The Indian-born London-based designer Harikrishnan Keezhathil Surendran Pillai, 29, made headlines earlier this year when the singer Sam Smith wore a custom piece by his line, Harri, to the Brit Awards: a black latex bodysuit with dramatically ballooning arms and legs. The designer, who grew up in Kerala and assisted the New Delhi-based designer Suket Dhir before attending the London College of Fashion, has become known for his theatrical explorations of proportion, often executed in rubber. But if the shapes of his signature inflatable pants are purposefully outlandish, they’re often offset by more subtle cotton and bead-woven separates, showing Pillai’s skill for mixing textures. The designer received the British Fashion Council’s Newgen grant for the second time this year and showed his third collection last week.

Looks from Tolu Coker’s spring 2024 collection.Ade Coker

Tolu Coker

Since founding her namesake brand in 2018, the London-based designer Tolu Coker, 27, has produced a collection in the Democratic Republic of Congo to honor women who survived violence and created T-shirts to benefit the humanitarian nonprofit Choose Love. At the core of her practice is a belief in community, and she draws frequently on her Nigerian heritage for inspiration. She titled her spring 2024 collection “Irapada,” which means “redemption” in her parents’ native language, Yoruba, and its pieces — which ranged from flared dresses made from upcycled denim and houndstooth jacquards to ’70s-inflected suiting — are a celebration of her ancestry.
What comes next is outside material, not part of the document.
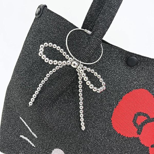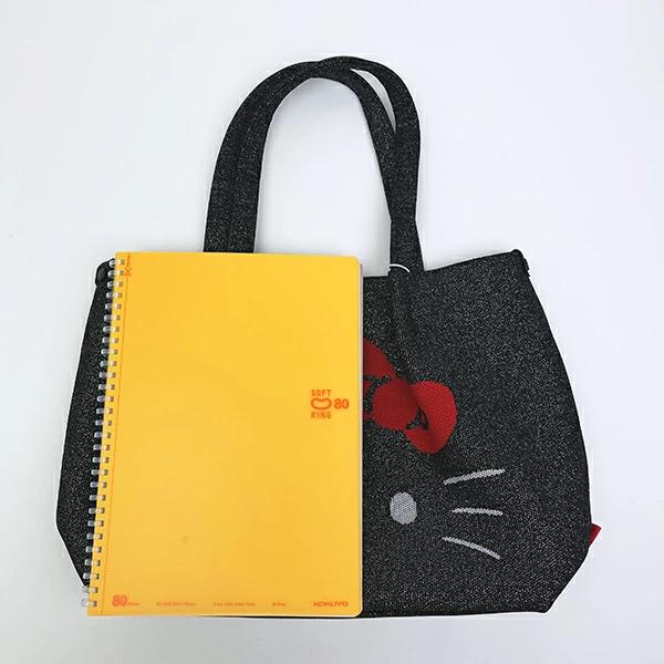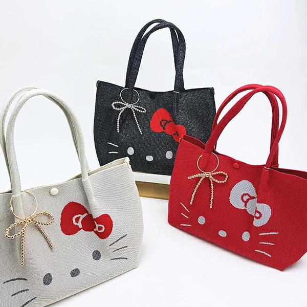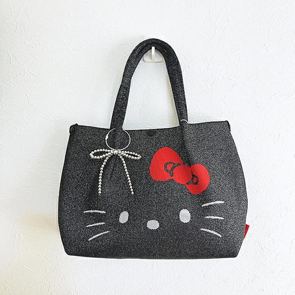 ハローキティの素材をフル活用したルートート「ルフル」。お財布、ボトル、A5ノート、ポーチなどがらくらく収納できて見た目以上のたっぷり容量がgood♪キラキララメ入りの糸で編まれた本体はサラリとした手触りでニットなのにハリがあり、自立するのも魅力です☆取り外し可能なリボン型のチャーム付きが嬉しいポイント♪きらめくラメとリボン、これからのホリデーシーズンにもぴったり☆持っているだけで華やかになること間違いなしです☆彡

Looks from Zomer’s first campaign.Oliver Hadlee Pearch, courtesy of Zomer

Zomer

Named after the Dutch word for “summer,” Zomer, a new women’s wear brand from the Russian-born designer Danial Aitouganov, 30, and the Dutch Caribbean stylist Imruh Asha, 32, will present its first collection in Paris later this month. After meeting in Amsterdam as teens, the friends went on to establish themselves separately in the fashion world: Aitouganov has worked in the design studios at Burberry, Chloé and, most recently, the French men’s wear brand Études; Asha has styled for brands including Dior and Louis Vuitton while also serving as the fashion director at Dazed magazine. The pair say their debut collection, which will be sold by Dover Street Market, will emphasize their deep connection to art, with floral prints by the London-based set designer Ibby Njoya. Their tongue-in-cheek preview campaign — featuring images of children dressed as fashion world figures such as the designer Rei Kawakubo and the photographer Steven Meisel — implies it will also draw on their industry backgrounds, at least winkingly.